Range Tokens as a Capital-Efficient Way to Obtain Liquidity
Range tokens launched by UMA allow DAOs to borrow funds without the risk of liquidation while achieving treasury fund diversification. The functionality of Range tokens is similar to convertible bonds. The advantage of raising funds using Range tokens is that governance tokens are sold later, presuming that the value of governance tokens is higher than the price at which funds were initially raised, thus improving the capital efficiency of governance tokens. Governance tokens can be used to open risk-free collateral debt positions composed of Range tokens, with project teams using the raised funds to finance treasury purchases/expenditures, such as using Olympus Pro Bonds or Tokemak to buy liquidity.
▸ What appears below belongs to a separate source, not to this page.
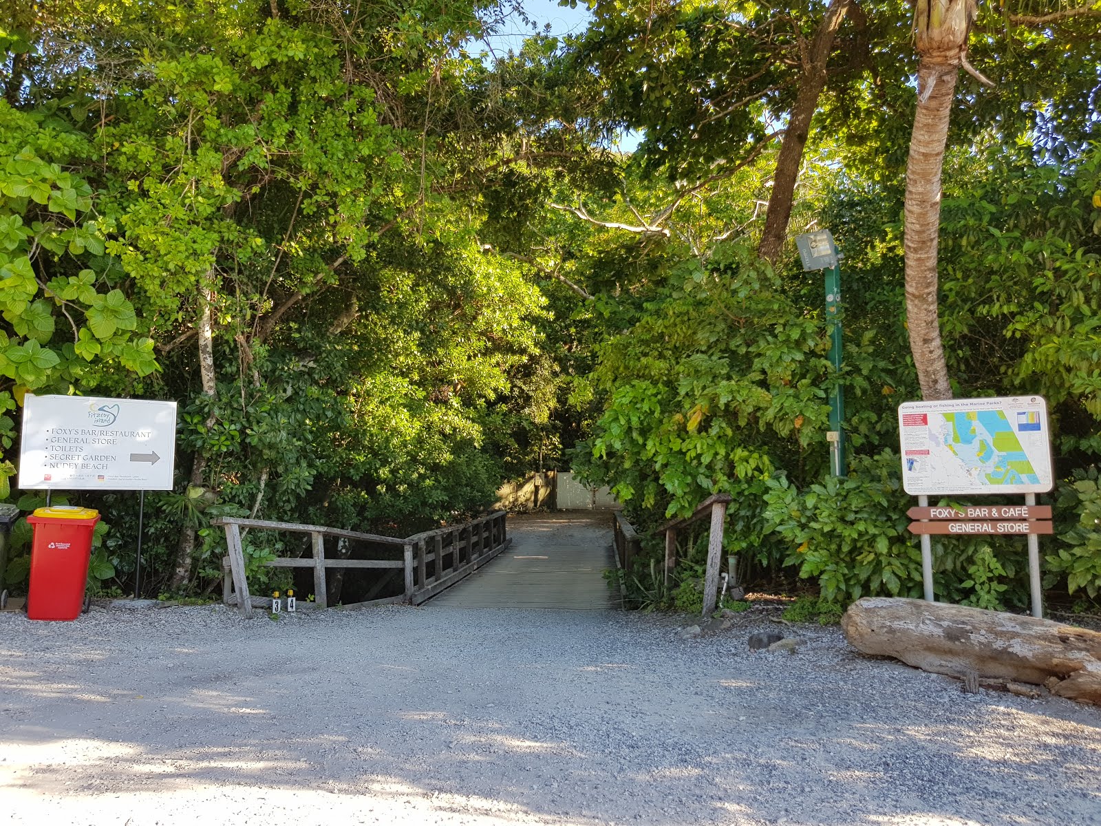 出碼頭右手邊直直走,過個小橋的另一邊就是廁所、雜貨店、一日遊旅客的置物櫃、Roxy’s Bar小酒吧、天體海灘(Nudey Beach)、秘密花園步道(Scret Garden Track)、吸菸區

The UMA pilot program using Range tokens raised $2.6 million from investors. The term of Range tokens is 3 months, with an APY yield of 25%, and the price range set for UMA tokens is between $4 and $12. If the UMA price is above $12 at maturity, the effective APY for investors will be higher than 25%, as investors effectively hold a call option at $12. If the UMA price is below $4 at that time, the actual APY yield for investors will be lower than 25%, but investors will effectively hold a short position on a put option at $4. The distribution between the UMA project team and investors is completed at a 1:1 ratio to enhance speed and simplicity, but it can flexibly meet the best distribution method for treasury needs.
KPI Options Can Incentivize Treasuries to More Effectively Acquire Liquidity
KPI options are financial derivative contracts launched by UMA that allow protocols to incentivize work that achieves specific KPI (Key Performance Indicator) goals and pay rewards based on the achievement of KPI metrics. KPI options provide an alternative for liquidity incentives and attempt to align the incentives received by LPs with those of the protocol itself to prevent excessive selling pressure on tokens while increasing liquidity depth; the greater the achieved liquidity depth, the more rewards the project team will pay.
Although the current approach rewards higher liquidity depth, the capital efficiency of this scheme is poor, as the more successful KPI options are, the higher the liquidity depth achieved, and the higher the cost of capital expenditure. Conversely, KPI options should incentivize the adoption of LaaS services, such as Curve Bribes, Olympus Pro, and Tokemak. This will introduce a new economic incentive to encourage more sustainable liquidity acquisition strategies.
Conclusion
LaaS is a rapidly growing sector of the crypto infrastructure industry, with high demand, as every DeFi protocol needs liquidity. As various protocols scramble for the currently available LaaS services, not all protocols are utilizing the most capital-efficient methods to achieve sustainable liquidity procurement. As the DeFi space continues to evolve, LaaS will continue to thrive and create the financial services Lego needed for the future of the DeFi industry.